Ok, here how it could be done
We will use Dirichlet Distribution, which is distribution for random numbers xi in the range [0...1] such that
Sumi xi = 1
So, after linear rescaling condition for sum would be satisfied automatically. Dirichlet distribution is parametrized by αi, but we assume all RN to be from the same marginal distribution, so there is only one parameter α for each and every index.
For reasonable large value of α, mean value of sampled random numbers would be =1/n, and variance ~1/(n * α), so larger α lead to random value more close to the mean.

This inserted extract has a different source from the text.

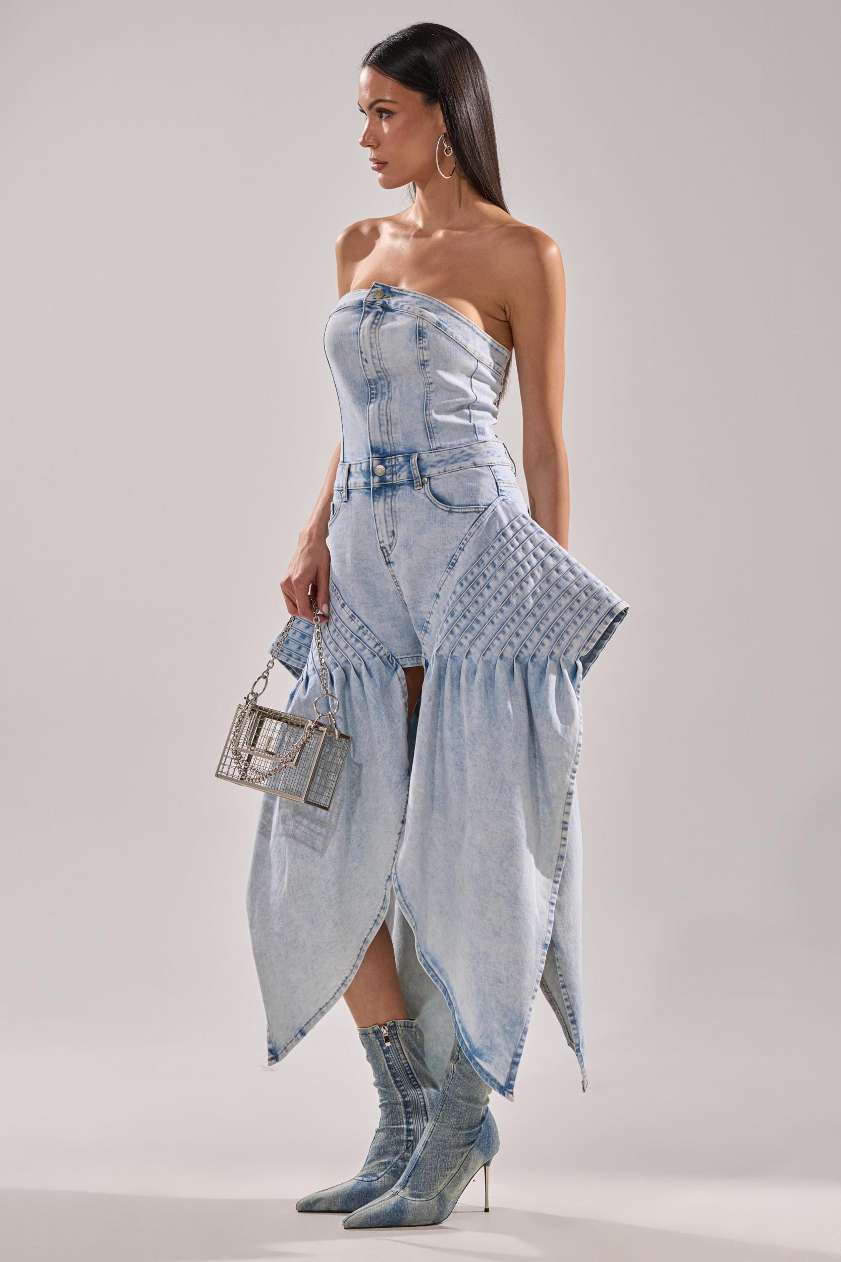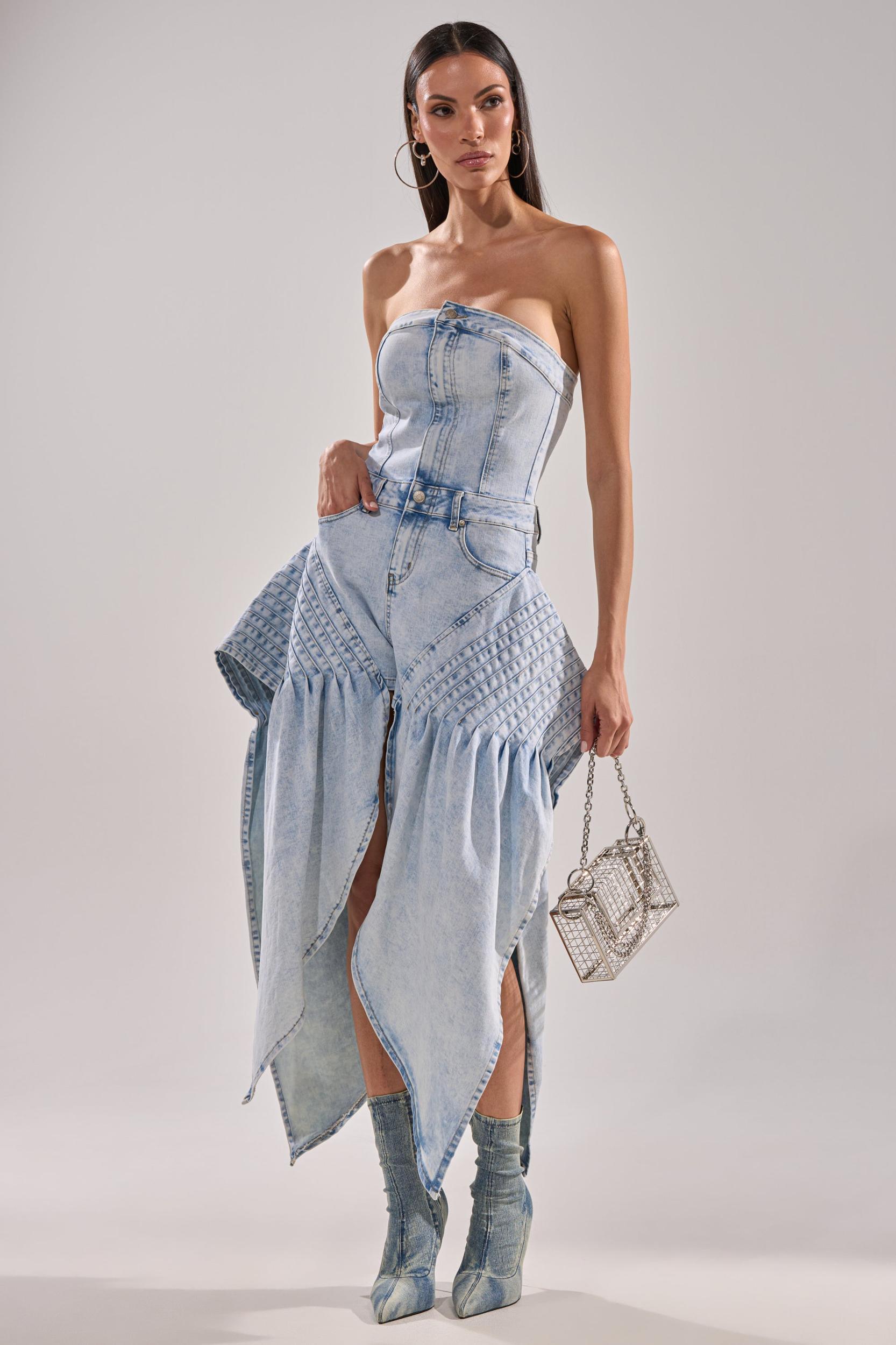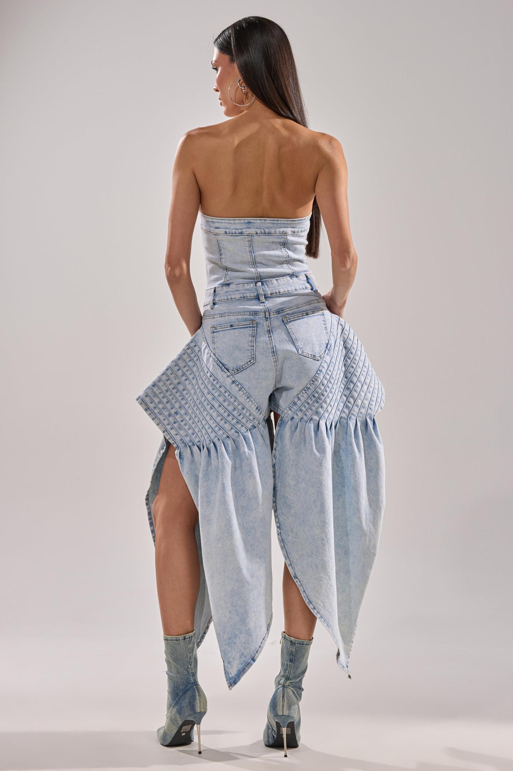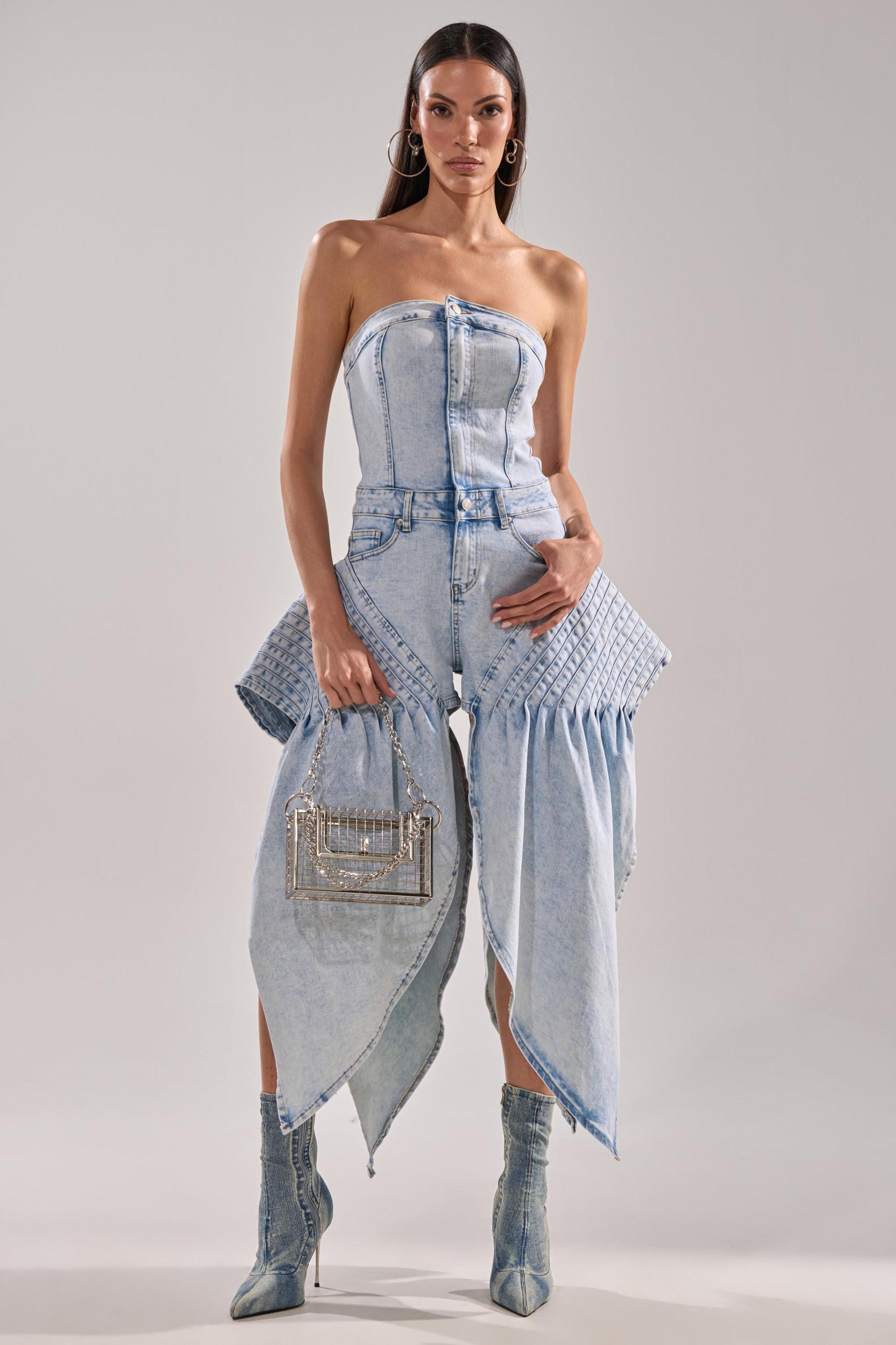 This isn’t your average romper. The AKIRA Label No One Like Me Denim Romper is a show-stopping one-piece crafted from light-wash denim with dramatic pleated paneling that cascades into exaggerated, petal-like overlays. The structured, strapless bustier top flatters the silhouette while high-cut slits and tailored shorts underneath balance edge and elegance. Finished with classic five-pocket styling, exposed seamwork, and a zip-button front closure, it’s the definition of avant-garde denim. - 78% Cotton, 20% Polyester, 2% Spandex- Stretchy- Imported (all measurements approximate from size small)- 23” Chest to Shortest Hem- 2” Inseam- 50” Chest to Longest Hem- Model is 5’9” and wearing a size smallProduct ID: 1043491 (all measurements approximate from size 1X)- 26” Chest to Shortest Hem- 2.5” Inseam- 54” Chest to Longest HemProduct ID: 1043495

Ok, now back to rescaling,
vi = A + B*xi
And we have to get A and B. As #HansKeﬆing rightfully noted, with only two free parameters we could satisfy only two constraints, but you have three. So we would strictly satisfy low bound constraint, sum value constraint, but occasionally violate upper bound constraint. In such case we just throw whole sample away and do another one.
Again, we have a knob to turn, α getting larger means we are close to mean values and less likely to hit upper bound. With α = 1 I'm rarely getting any good sample, but with α = 10 I'm getting close to 40% of good samples. With α = 16 I'm getting close to 80% of good samples.
Dirichlet sampling is done via Gamma distribution, using code from MathDotNet.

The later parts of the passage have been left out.